# Arilus cristatus - aka Wheel Bug



## Tate (Aug 25, 2005)

I got this guy on one of my tomato cages recently. This is the largest assassin bug.










Protecting eggs and nymphs here....










Tate


----------



## Formula4Fish (Apr 24, 2007)

Good shots, Tate.

That's actually a Wheel Bug nymph. Here's what it will look like when it grows up 

Dick


----------



## MichaelW (Jun 16, 2010)

Interesting and both good photos. Thanks for posting.


----------



## MichaelW (Jun 16, 2010)

Forgot to post this photo. Looks about like the same kind.


----------



## Hollywood1053 (May 15, 2009)

You guys that always post up these these amazing pics, could you possibly include the shutter speed, f-stop, and lens you're using - for us novices that want to try and duplicate these great results?


----------



## Tate (Aug 25, 2005)

Thanks for the replies. If you are referring to my pics with the f-stop etc., I'm not the person to ask. I have a basic Canon point and click camera that I switch to closeup mode. Plan on getting a much better camera at some point though.


----------



## Formula4Fish (Apr 24, 2007)

Hollywood1053 said:


> You guys that always post up these these amazing pics, could you possibly include the shutter speed, f-stop, and lens you're using - for us novices that want to try and duplicate these great results?


Hollywood,

This one was taken by a Nikon Coolpix 995, shutter priority, f/6.3. 1/250 sec, ISO 400, focal length 24.6mm.

MichaelW's photo was taken with a Nikon D90, shutter priority, f/5.6. 1/100 sec, ISO 320, focal length 420mm.

Most digital cameras embed this information in the digital image. It's called EXIF (Exchangeable Image File Format) and is a standard for storing interchange information in image files, especially those using JPEG compression.

Allow me to introduce you to a free, safe to download program, that will allow you to view the EXIF information. It's called Opanda IExif.

http://www.opanda.com/en/iexif/

To use it after install, you would simply right-click on the image in the Windows Explorer or your favorite web browser, and select "View Exif/GPS/IPTC with IExif"

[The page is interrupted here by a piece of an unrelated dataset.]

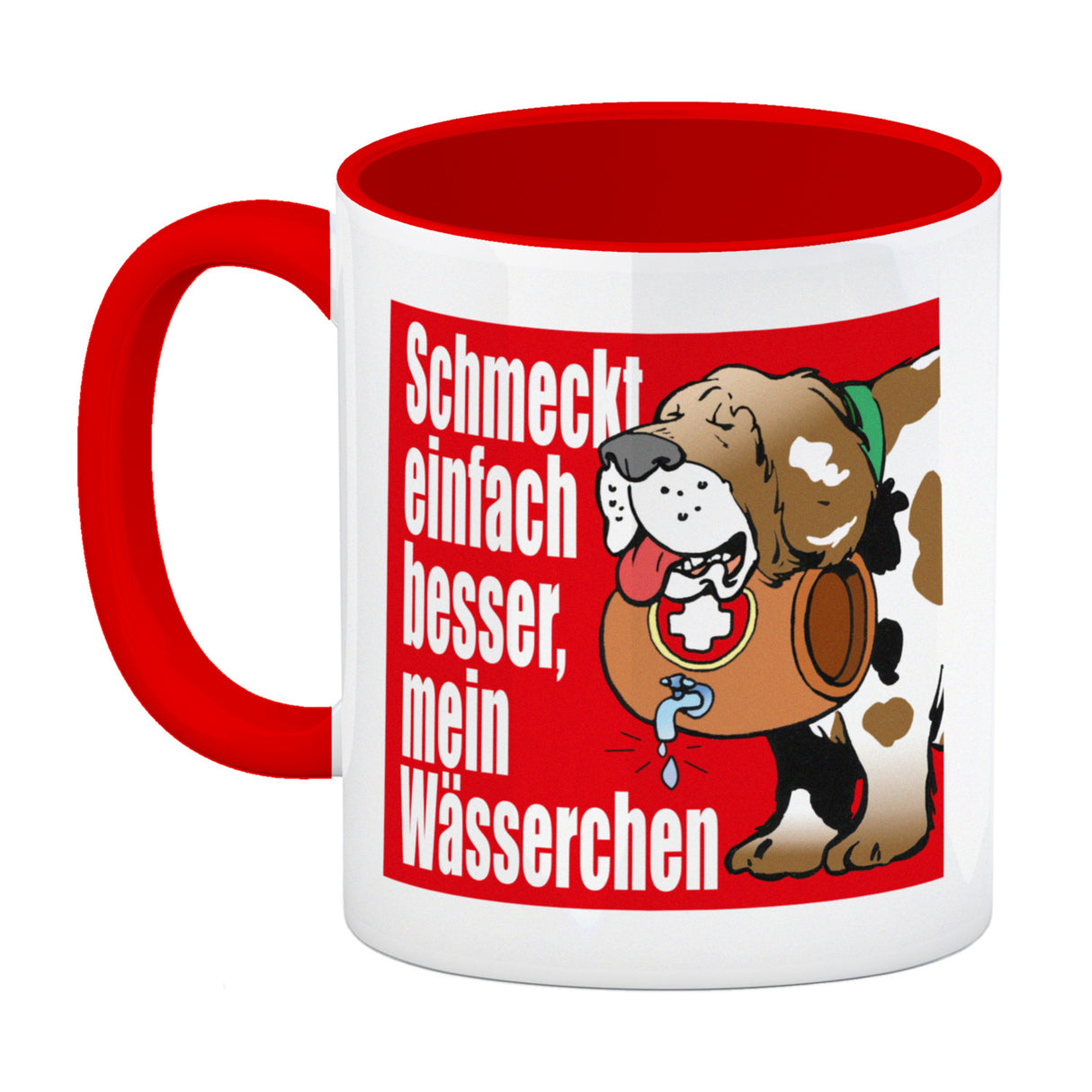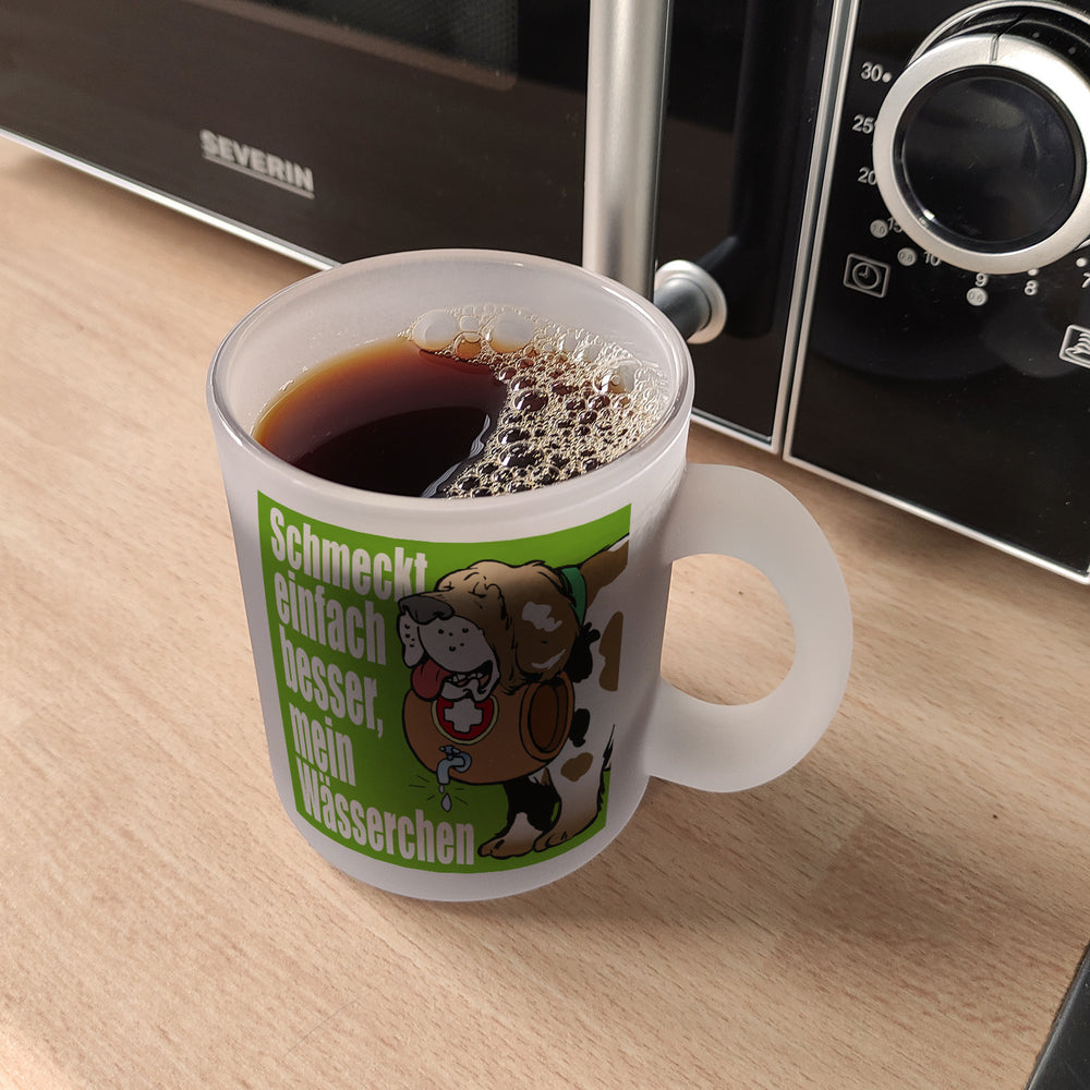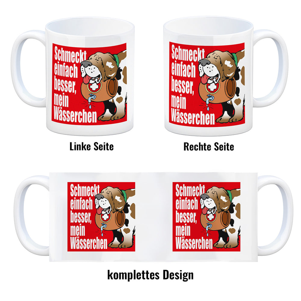 Der Schmeckt einfach besser mein Wässerchen Kaffeebecher in rot ist eine wundervolle Ergänzung für jeden Küchenschrank. Seine zeitlose, niedliche Form und sein hochwertiger Druck mit satten Farben machen ihn zu einem perfekten Geschenk. Unsere Becher werden in Deutschland mit Sorgfalt in Handarbeit hergestellt und stehen als weiße Standardtasse, mit farbigem Henkel und Innenseite, als edle Glastasse oder in der exklusiven Silberedition mit Glitzereffekt zur Auswahl. Mit dem Motiv erinnert er Dich täglich an die schweizer Alpenhunde oder an Deine Arbeit im Skigebiet. Genieße jeden Tag Deinen Kaffee oder Tee aus unserem unverwechselbaren Becher und hol Dir Dein Lieblingsmotiv jetzt!

My picture and MichaelW's picture contain the EXIF info, Tate's pictures do not. Either his camera does not record it, or it was stripped out by whatever software he might have used in editing the photos.

Dick


----------



## Tate (Aug 25, 2005)

I cropped my pics in Picasa. I guess it took out the info.


----------



## MichaelW (Jun 16, 2010)

Hollywood, the shutterspeed and f stop we used may not be the right settings for your camera. A number of factors are to be considered when taking a photo. I was actually using a 300mm lens with a multiplier, taking photos of humming birds when I noticed the bug crawling up a post 8 or 9 ' away. I just changed the shutter speed to 100 and let the camera do the rest. How much light there is and how fast you target is moving will determine what your settings should be. Its best to just get your camera out and do a bit of experimenting to see what works best. Get out there and take some photos and lets see them.


----------